# Customer Reviews on the CC site



## Wolffpack (Jul 29, 2003)

I was just playing around and checked inventory for an R15 at my local CC. Sure they have them and it's clear they are sold as a lease. But has anyone ever looked at the reviews customers are writing?

Hey, any of you DTV folks want to see what CC customer's opinions of the R15 are, check it out. For grins I also checked out the HR10. Completely different.

I know DTV is working on the problems (well, they say they are.....well Earl says they say they are), but the biggest problem they may run into with releasing this too early is all of the negative customer comments.

In conjunction with this, when does DTV release sales/subscriber info? Is it monthly/quarterly or so?


----------



## gomezma1 (Mar 28, 2006)

Hey Greywolf, with all these problems with the R-15 should people be able to get out of their 2 year commitment?


----------



## Wolffpack (Jul 29, 2003)

Too many wolves on this forum maybe?

Looked like many from the CC site were returning theirs.


----------



## jfalkingham (Dec 6, 2005)

And read the reviews on page 7 & 8:
http://www.circuitcity.com/rpsm/oid.../order/D/rpem/ccd/productDetailReview.do#tabs

" Best DVR Ever!
Reviewer: Mavrick from Macon, GA on Tue Jan 24 14:01:53 EST 2006
2 out of 6 found this review helpful

I have owned several Directv DVR's in the past that have been TIVO powered and this DVR is way better than than they could have ever been. I will be purchasing 3 more this week to replace my other 2 DVR's and one basic receiver."

I'd be surprised if all of these 5 out 5 ratings were regular consumers. I could understand if you never owned a Tivo at any time, but saying you think the R15 is "way better than they (Tivo DVR's) could have ever been" sounds like someone working for DTV.

Maybe I'm wrong, maybe the R15 is much better than the Tivo, faster, more reliable and everything the Tivo wishes it could be


----------



## dodge boy (Mar 31, 2006)

jfalkingham said:


> And read the reviews on page 7 & 8:
> http://www.circuitcity.com/rpsm/oid.../order/D/rpem/ccd/productDetailReview.do#tabs
> 
> " Best DVR Ever!
> ...


Maybe DirecTv paid circuit city to make up these comments to balance out the real ones...... Like Fox makes up or doesn't cover news to balance out real news.... Seems Reupert Murdock is hard aw work again. :nono:


----------



## carl6 (Nov 16, 2005)

To me, it looked like everyone complaining were Tivo owners, and reading the CC reviews was almost identical to reading the tivocommunity forum.

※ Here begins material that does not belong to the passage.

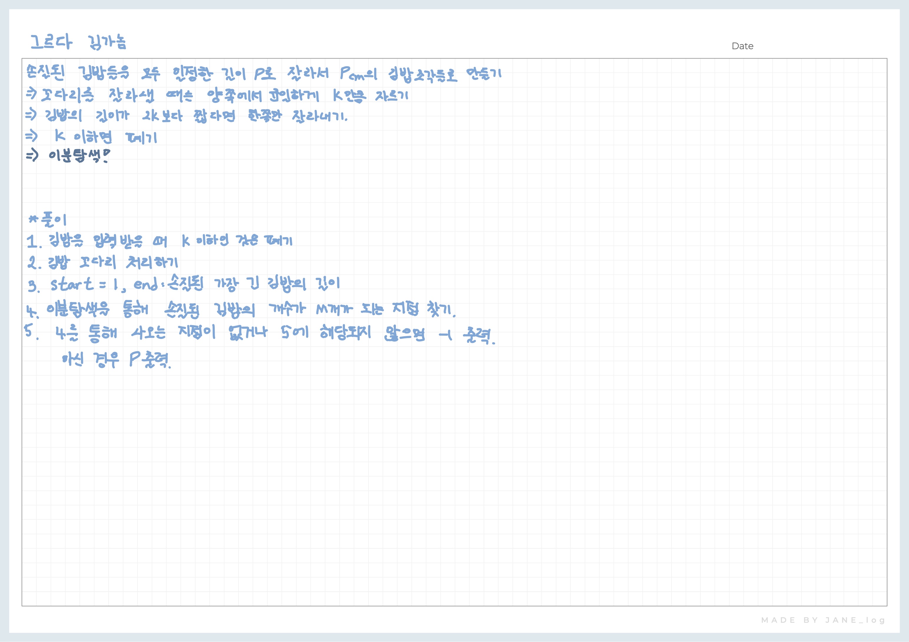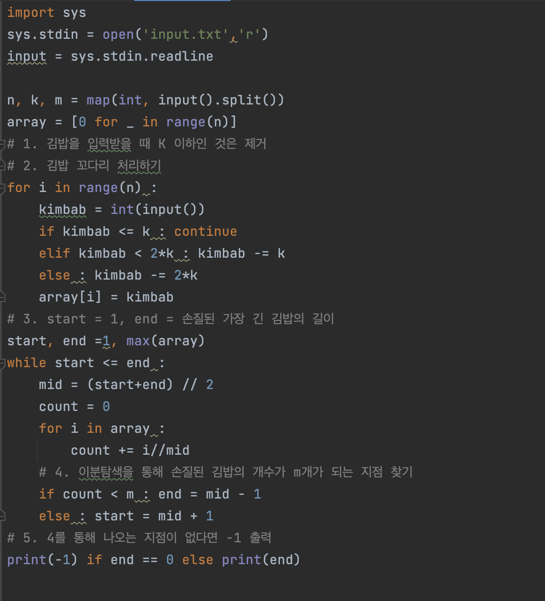 첫 번째 줄에 손질해야 하는 김밥의 개수 N, 꼬다리의 길이 K, 김밥조각의 최소 개수 M이 주어진다. (1 ≤ N ≤ 106, 1 ≤ K, M ≤ 109, N, K, M은 정수) 두 번째 줄부터 김밥의 길이 L이 N개 주어진다.

I did not see anything there that hasn't been said here and/or on tivocommunity. That includes positive reviews also.

Carl


----------



## jfalkingham (Dec 6, 2005)

Good point, sometimes you don't look at both sides. It can easily be said that 'Tivo fanatics' went out and posted the negative side as equal as saying DTV is posting the positive side.

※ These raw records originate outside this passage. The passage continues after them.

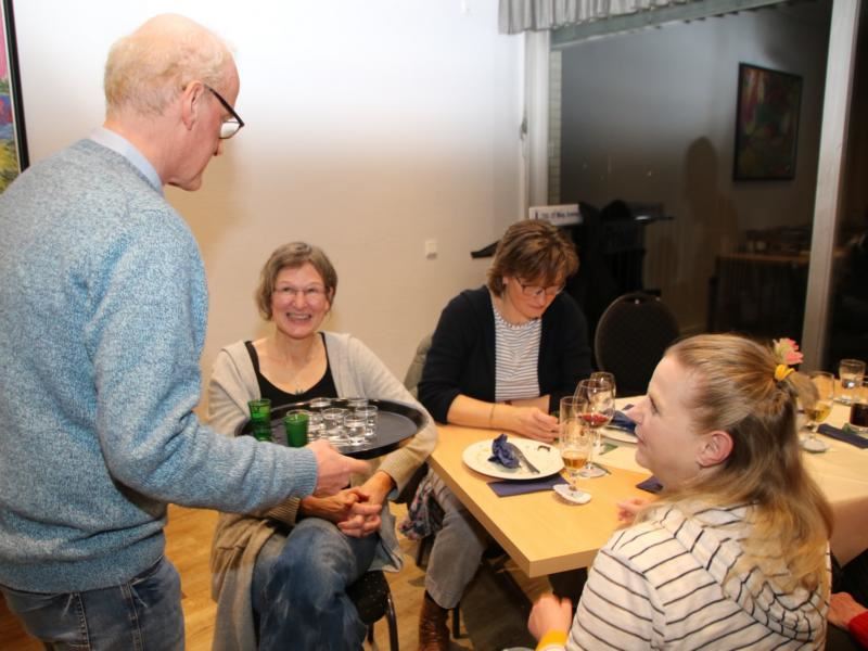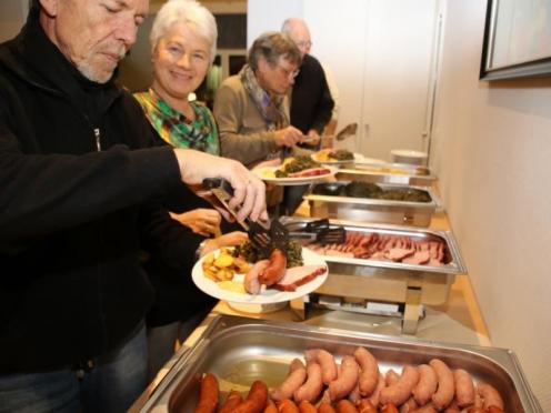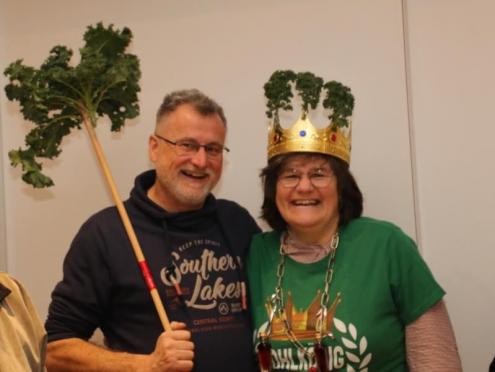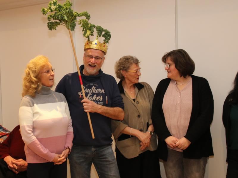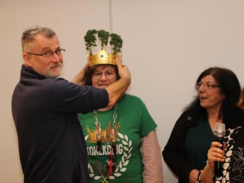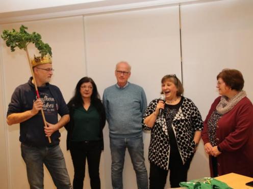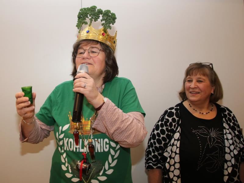 Die bisherigen Grünkohlkönige und Grünköniginnen des Single- und Freundeskreises gucken sehr genau, wer den Teller leer ißt. Dann ziehen sie sich zur Wahl der neuen Majestät zurück. Nach einigen Beratungsschnäpsen verkünden sie: Lioba IX. ist die neue Single-Grünkohlkönigin von Osnabrück. (21.01.2023)
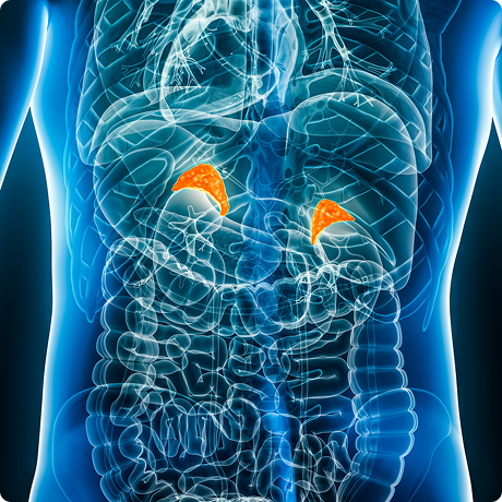 Adrenal glands sit on top of each kidney and consist of two parts: the inner part, the medulla, is surrounded by the outer layer, the adrenal cortex responsible for the secretion of important hormones that support vital organ functioning like 1,2,3
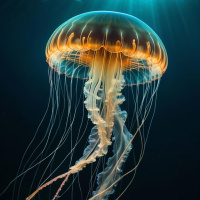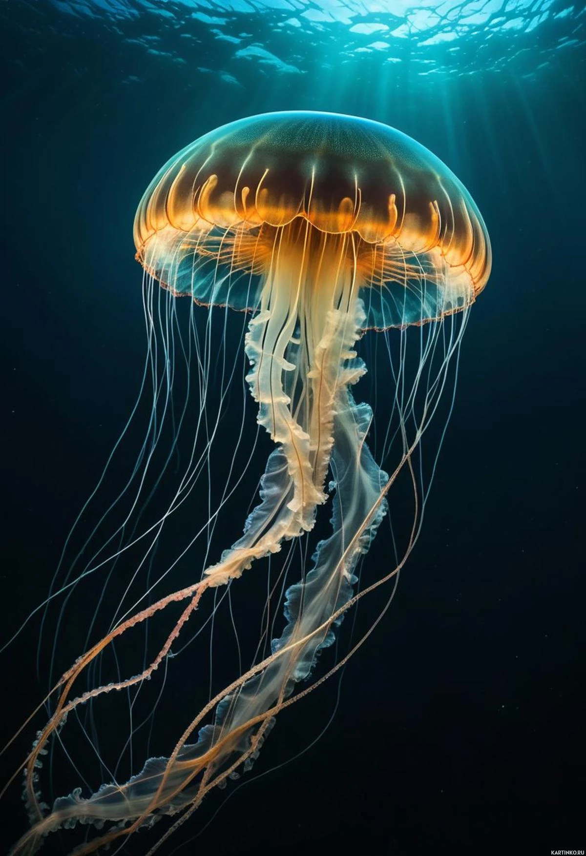 an underwater scene with a prominent jellyfish in focus. The jellyfish has a large bell-
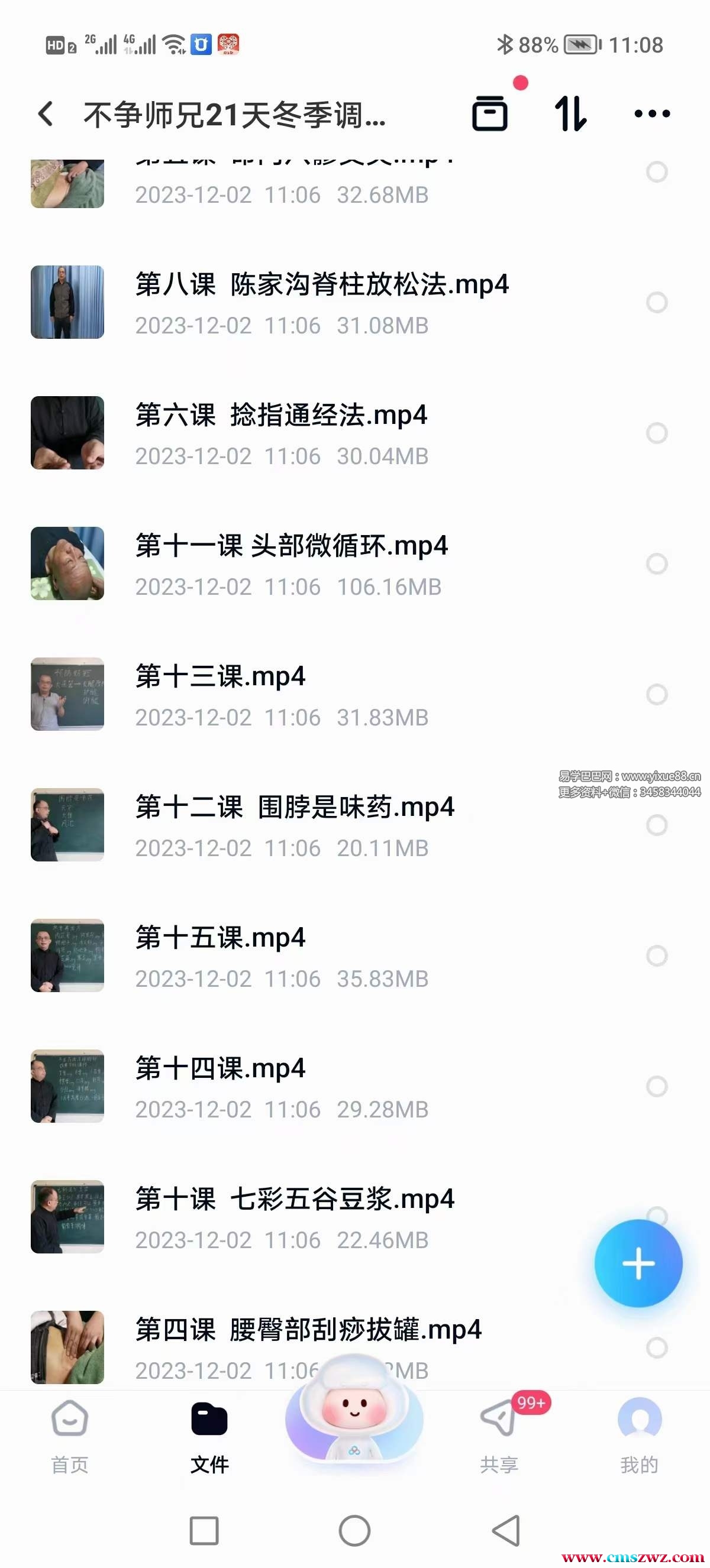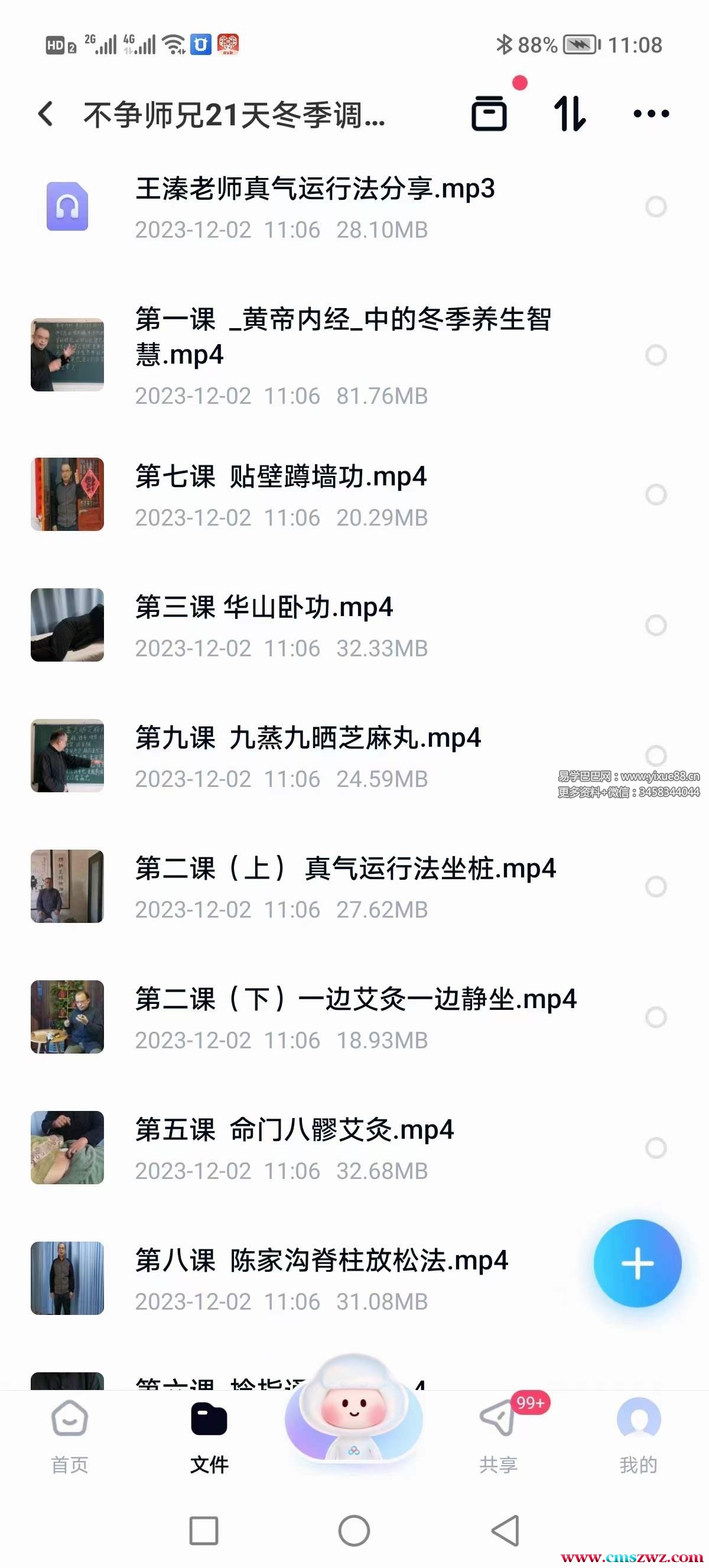 课程编号:Y2407-98不争师兄:2023年调神养生养肾训练营课程目录:第八课 陈家沟脊柱放松法.mp4第二课(上)真气运行法坐桩.mp4第二课(下)一边艾灸一边静坐.mp4第九课 九蒸九晒芝麻丸.

I do think DTV is left with some egg on their face for letting this go out the door with a few of the known issues, namely missing recordings. But all in all, I do like some of the added features, unfortunately for me, recording every program every time is more important to me at the moment.


----------



## Wolffpack (Jul 29, 2003)

These comments do mirror many comments made here, but those comments will be seen by your average John Q Public looking at the site to purchase a DVR. I know I do at least reference reviews if there are enough of them prior to making a purchase. At least with E* or cable DVRs they're not sold retail so you have to dig alot further to see if a particular unit has any problems.


----------



## gomezma1 (Mar 28, 2006)

Does the R-15 have rewind in slow motion like the Tivo DVR's?


----------



## ISWIZ (Nov 18, 2005)

Wolffpack said:


> These comments do mirror many comments made here, but those comments will be seen by your average John Q Public looking at the site to purchase a DVR. I know I do at least reference reviews if there are enough of them prior to making a purchase. At least with E* or cable DVRs they're not sold retail so you have to dig alot further to see if a particular unit has any problems.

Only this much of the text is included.